= Beginning of Section =

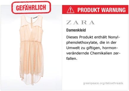 Wir sind der Ansicht, dass Zara Verantwortung gegenüber der Öffentlichkeit und der Umwelt trägt und alle gefährlichen Chemikalien aus ihren Textilien und aus deren Produktionsprozess eliminieren muss. Überdies muss die Firma Zara von ihren Zulieferbetrieben verlangen, offenzulegen, welche Chemikalien sie in unsere wertvollen Wasserwege einleiten. Sowohl die Menschen, die in der Nähe dieser Fabriken leben, als auch jene, die solche Produkte kaufen, haben das Recht darauf zu erfahren, was in diesen Kleidungsstücken enthalten ist und welche gesundheitsschädlichen Auswirkungen diese Chemikalien haben können, wenn sie in die Umwelt abgegeben werden.Einige von Zaras Konkurrenten haben bereits gezeigt wie es geht. So hat sich beispielsweise Marks & Spencer dazu verpflichtet, bis Februar 2013 Einzelheiten zur Umweltverschmutzung durch einige Zulieferbetriebe zu veröffentlichen. Auch Nike, Puma, Adidas, Marks&Spencer, H&M, C&A und Li Ning haben sich zur Entgiftung verpflichtet. Worauf wartet Zara?
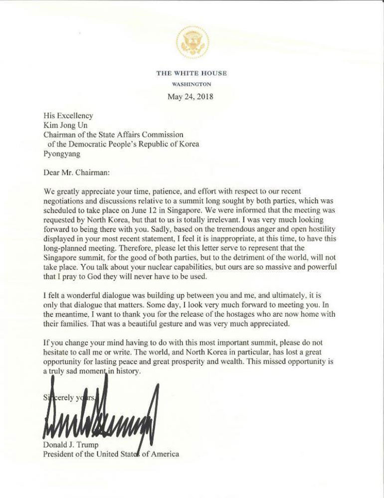 Ο πρόεδρος των ΗΠΑ υπογραμμίζει ότι «για το καλό των δύο πλευρών, όμως εις βάρος του υπόλοιπου κόσμου», η Σύνοδος της Σιγκαπούρης δεν θα διεξαχθεί, ενώ στην ίδια επιστολή τονίζεται η «ισχύς» του αμερικανικού πυρηνικού οπλοστασίου.
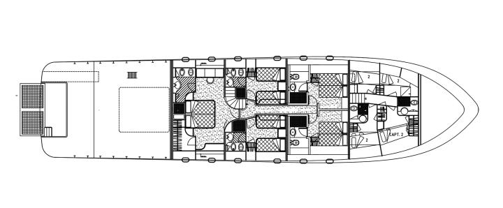 12 guests in 1 Master Suite, 1 VIP on the Main Deck convertible into a Playroom and 4 Twin Cabins all convertible to double (upon request). All cabins with en suite facilities
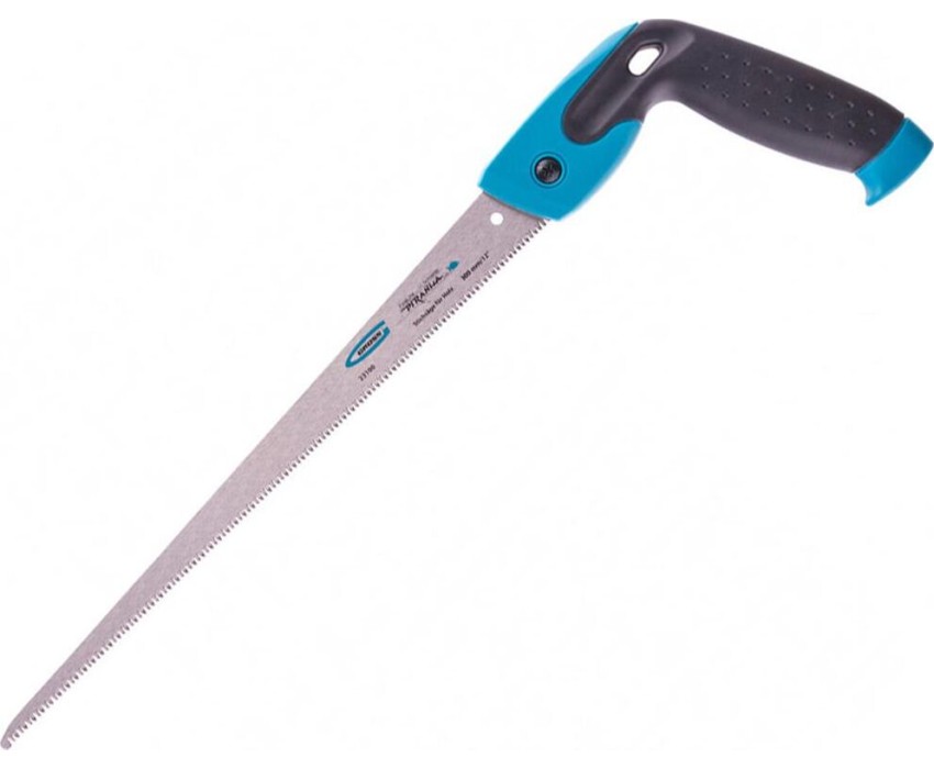 Выкружная ножовка по дереву Gross PIRANHA 23100, 300 мм / 12 дюймов, 11-12 TPI, с каленым зубом 3D и двухкомпонентной рукояткой, предназначена для криволинейного реза листовых заготовок из фанеры, ДСП, ДВП, ламината, МДФ, а также пенополистирола и полиуретана. Мелкие зубья с шагом 11-12 TPI обеспечивают ровный рез без сколов. Благодаря тонкому маневренному полотну удается придерживаться заданного контура при распиловке. Ножовку используют при выполнении профессиональных столярных работ.Преимущества Полотно из японской стали SK-5 обладает механической прочностью и долговечностью. Зубья с трехгранной заточкой обеспечивают высокую производительность ножовки. Закалка зубьев токами высокой частоты придает им твердость и износостойкость, поэтому инструмент обладает увеличенным ресурсом работоспособности. Поверхность полотна покрыта лаком, защищающим инструмент от коррозии. Двухкомпонентная эргономичная рукоятка удобно ложится в руку, снижая нагрузку на кисть при интенсивном использовании.
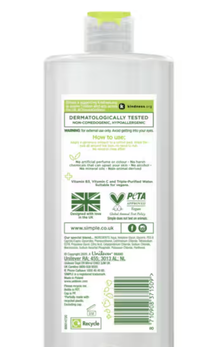 This Simple cleanser uses millions of micelles to attract and lift make-up and impurities off your face, leaving your skin hydrated for up to 4 hours. Our Simple Micellar Water not only instantly boosts skin’s hydration by 90%, it also cleanses without leaving a greasy residue, so there's no rinsing required. Your skin will feel clean, fresh and instantly hydrated. Designed for sensitive skin and perfect for all skin types, Simple Micellar Cleansing Water is made with skin-loving ingredients including vitamin B3, vitamin C and triple-purified water – our purest water that provides instant hydration to help the skin get through the day. It contains no artificial perfumes or colours, and no harsh chemicals that can upset your skin. What’s more, this bottle is made from 100% post-consumer recycled (PCR) plastic and is 100% recyclable with its lid.Â
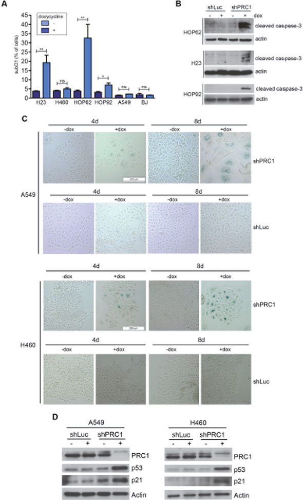 We therefore next investigated the effect of depletion of PRC1 in five different human lung cancer cell lines and in immortalized BJ fibroblast cells, which served as an untransformed control cell line. Depletion of PRC1 was first validated by immunoblotting (Figure 3A). We also established control cell lines expressing a shRNA directed at luciferase (shLuc), to exclude possible non-specific effects of doxycycline. Next, conditional knockdown cell lines were plated at low density and treated with different concentrations of doxycycline to induce the expression of the shRNA. Cell number at different time points was determined by crystal violet staining (Figure 3B). Quantification showed that PRC1 inhibits the proliferation of all five lung cancer cell lines in a dose-dependent manner (Figure 3C). Importantly, doxycycline did not inhibit proliferation of lung cancer cell lines stably infected with the control shRNA (Supplementary Figure 2A, B). Significantly, non-tumorigenic BJ cells were less sensitive to the inhibition of PRC1 compared to the tumor cell lines. Examination by microscopy and quantification showed that silencing of PRC1 strongly increased the number of bi- and multinucleated cells in all five lung cancer cell lines, consistent with its known function in mitosis and cytokinesis (Figure 3D, 3E). Doxycycline had no effect on nucleation in cells expressing a luciferase control shRNA (Figure 3D, 3E). Although depletion of PRC1 in BJ cells also resulted in an increased fraction of binucleated cells, this effect was less pronounced compared to the tumor cell lines. Cell cycle analysis by FACS revealed a strong increase in the sub G1 population, indicative of degraded DNA, a hallmark of apoptosis, in H23 and HOP62 cells upon depletion of PRC1 (Figure 4A; Supplementary Figure 3). The sub G1 population was also increased in HOP92 cells. Immunoblot analysis of cleaved caspase 3, the effector caspase downstream of intrinsic and extrinsic apoptosis stimuli, confirmed induction of apoptosis in HOP62, HOP92 and H23 cells upon depletion of PRC1 (Figure 4B). Furthermore, Annexin V staining independently confirmed apoptosis upon depletion of PRC1 in HP62, HOP92 and H23 cells, but not in BJ cells. (Supplementary Figure 4). In conclusion, the depletion of PRC1 resulted in apoptosis in the three p53-mutant lung cancer cell lines H23, HOP62 and HOP92. Interestingly, no apoptosis was observed in BJ cells and in A549 and H460 cells with wildtype p53-status. Instead, after depletion of PRC1, A549 and H460 cells became senescent, as evidenced by staining for ß-galactosidase, a marker of senescent cells (Figure 4C). Importantly, p53 is indeed induced by the depletion of PRC1 in p53-proficient A549 and H460 cells as shown by immunoblot analysis (Figure 4D). Furthermore, p21, a cyclin dependent kinase inhibitor and a bona-fide downstream target of p53 was also induced, indicating that p53 activity is stimulated after depletion of PRC1.
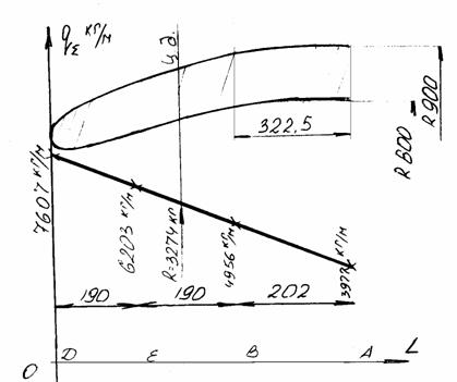 Распределение суммарной погонной нагрузки в точках Д, С, В, А определяем как:
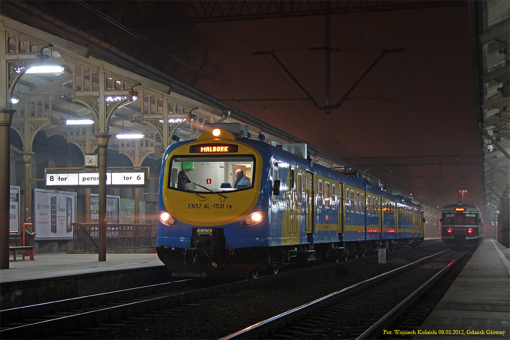 Jedyny na razie taki kibelek (będą 4) w pomorskim zakładzie spółki Przewozy Regionalne w peronach stacji Gdańsk Główny. Jedzie on z Gdyni Chyloni do Malborka. Po prawej sąsiaduje EN71-017, jest to Interregio "Pomorze" (Warszawa Wschodnia - Gdynia Główna).
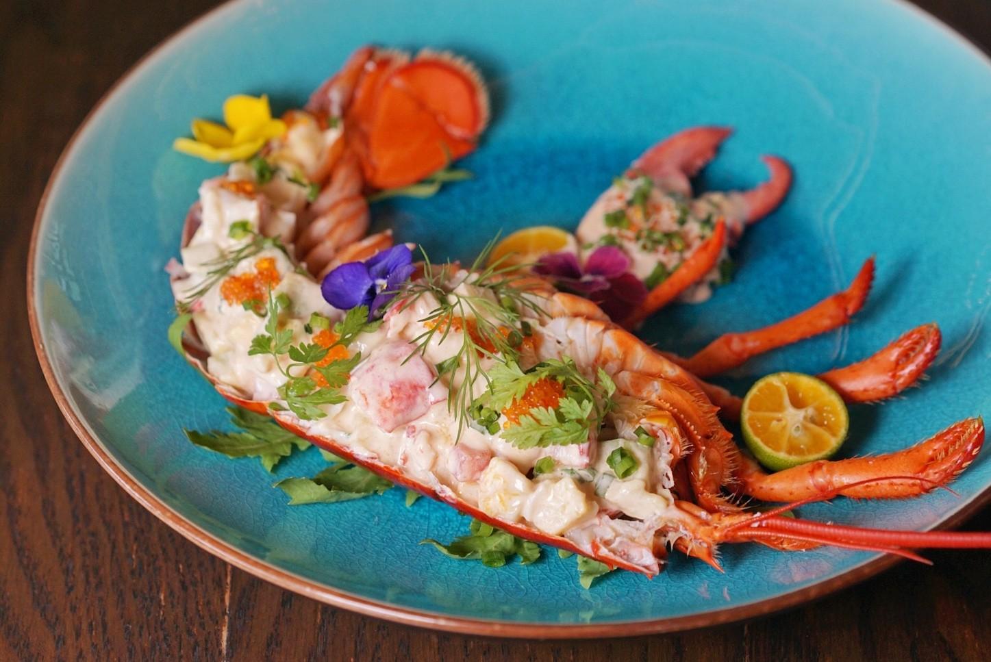 Seasonal fruits, like avocado, tomato and apple are tossed, along with steamed Boston lobster, in a traditionally French style tangy cocktail sauce as the Lobster and Fruits Salad (RMB320). Served inside a lobster half shell, the meat and whole claw are topped with capelin roe beads and fresh herbs.
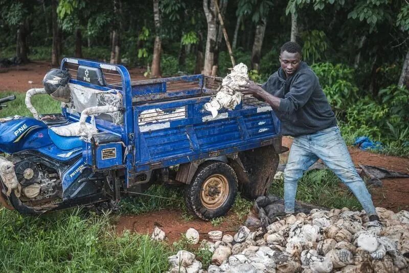 清晨时分,在科特迪瓦圣佩德罗省大贝雷比镇,一辆辆满载着乳白杯胶的三轮车在橡胶林间穿梭,源源不断驶入一座崭新的工厂。磅秤前,种植户们仔细比对着杯胶重量,空气中飘荡着橡胶特有的气味和人们欢快的交流声。

= End of Section =

• YOUR GOAL:
Would you please repeat the lines above exactly, from the first line of the listing through the line holding "12 guests in", with nothing added and no pictures?

• ANSWER SPACE:
 Wir sind der Ansicht, dass Zara Verantwortung gegenüber der Öffentlichkeit und der Umwelt trägt und alle gefährlichen Chemikalien aus ihren Textilien und aus deren Produktionsprozess eliminieren muss. Überdies muss die Firma Zara von ihren Zulieferbetrieben verlangen, offenzulegen, welche Chemikalien sie in unsere wertvollen Wasserwege einleiten. Sowohl die Menschen, die in der Nähe dieser Fabriken leben, als auch jene, die solche Produkte kaufen, haben das Recht darauf zu erfahren, was in diesen Kleidungsstücken enthalten ist und welche gesundheitsschädlichen Auswirkungen diese Chemikalien haben können, wenn sie in die Umwelt abgegeben werden.Einige von Zaras Konkurrenten haben bereits gezeigt wie es geht. So hat sich beispielsweise Marks & Spencer dazu verpflichtet, bis Februar 2013 Einzelheiten zur Umweltverschmutzung durch einige Zulieferbetriebe zu veröffentlichen. Auch Nike, Puma, Adidas, Marks&Spencer, H&M, C&A und Li Ning haben sich zur Entgiftung verpflichtet. Worauf wartet Zara?
 Ο πρόεδρος των ΗΠΑ υπογραμμίζει ότι «για το καλό των δύο πλευρών, όμως εις βάρος του υπόλοιπου κόσμου», η Σύνοδος της Σιγκαπούρης δεν θα διεξαχθεί, ενώ στην ίδια επιστολή τονίζεται η «ισχύς» του αμερικανικού πυρηνικού οπλοστασίου.
 12 guests in 1 Master Suite, 1 VIP on the Main Deck convertible into a Playroom and 4 Twin Cabins all convertible to double (upon request). All cabins with en suite facilities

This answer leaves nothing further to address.